Pyrenean sheepdogs They are shepherd dogs whose history has not been well described, so we know little about their ancestors.

Pyrenean sheepdog

It is a French breed, and its representatives, together with the Pyrenean mountain dogs, were mainly involved in grazing cattle and sheep on the slopes of the Pyrenees mountain range for many years and they do it to this day.

In addition, these dogs were used during the First World War for delivering messages and as paramedic dogs. The Pyrenean Shepherd reportedly accompanied Bernadette Soubirous during the apparition of Our Lady in Lourdes in 1858.

Due to the differences in appearance, the FCI recognized varieties with different hair length as separate breeds, hence the long-haired Pyrenean Sheepdog (Berger des Pyrénées à poil long) and the smooth-faced (Berger des Pyrénées a face rase).

The breeding of small, agile and independent dogs of the Pyrenean Sheepdog breed is not very popular in Poland yet.

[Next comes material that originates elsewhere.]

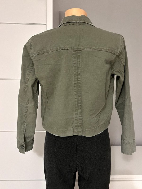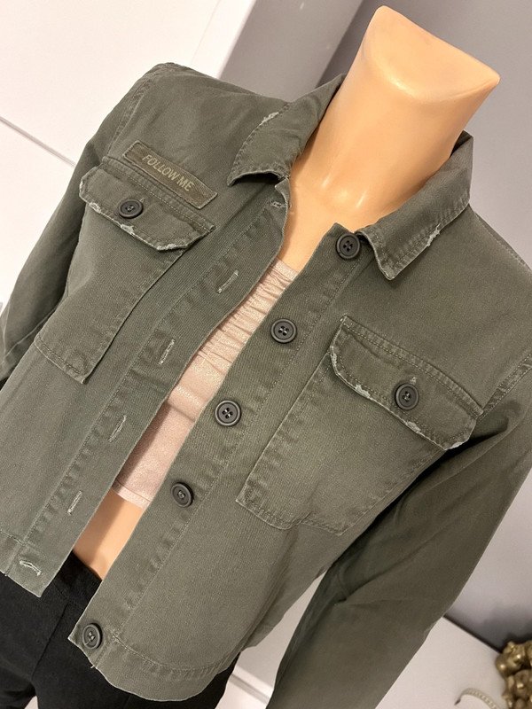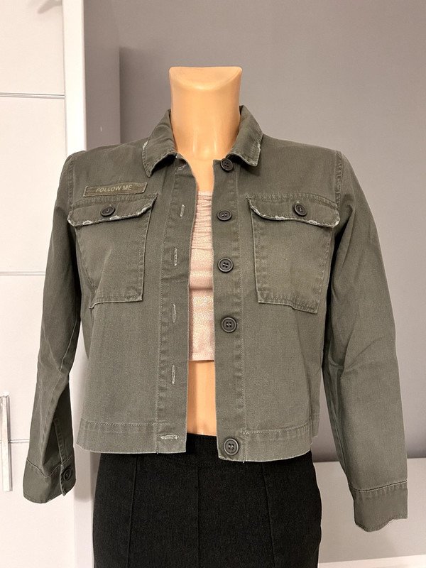 Kurtka marki Mono designed in Denmark, rozmiar z metki to L 40. Jest specjalnie postarzana, posiada kieszenie. Jest krótka, zapinana na guziki. Cena katalogowa to 2500 zł. Wykonana w 100% z bawełny.

According to the FCI classification, the Pyrenean Sheepdog belongs to group 1.

  • Pyrenean sheepdog in nature
  • What a Pyrenean sheepdog looks like?
  • Pyrenean sheepdog disease
    • Hip dysplasia
    • Elbow dysplasia
    • Botall's patent ductus arteriosus
    • Progressive retinal atrophy (PRA)
    • Patellar dislocation
  • For whom the Pyrenean Sheepdog will be the perfect dog?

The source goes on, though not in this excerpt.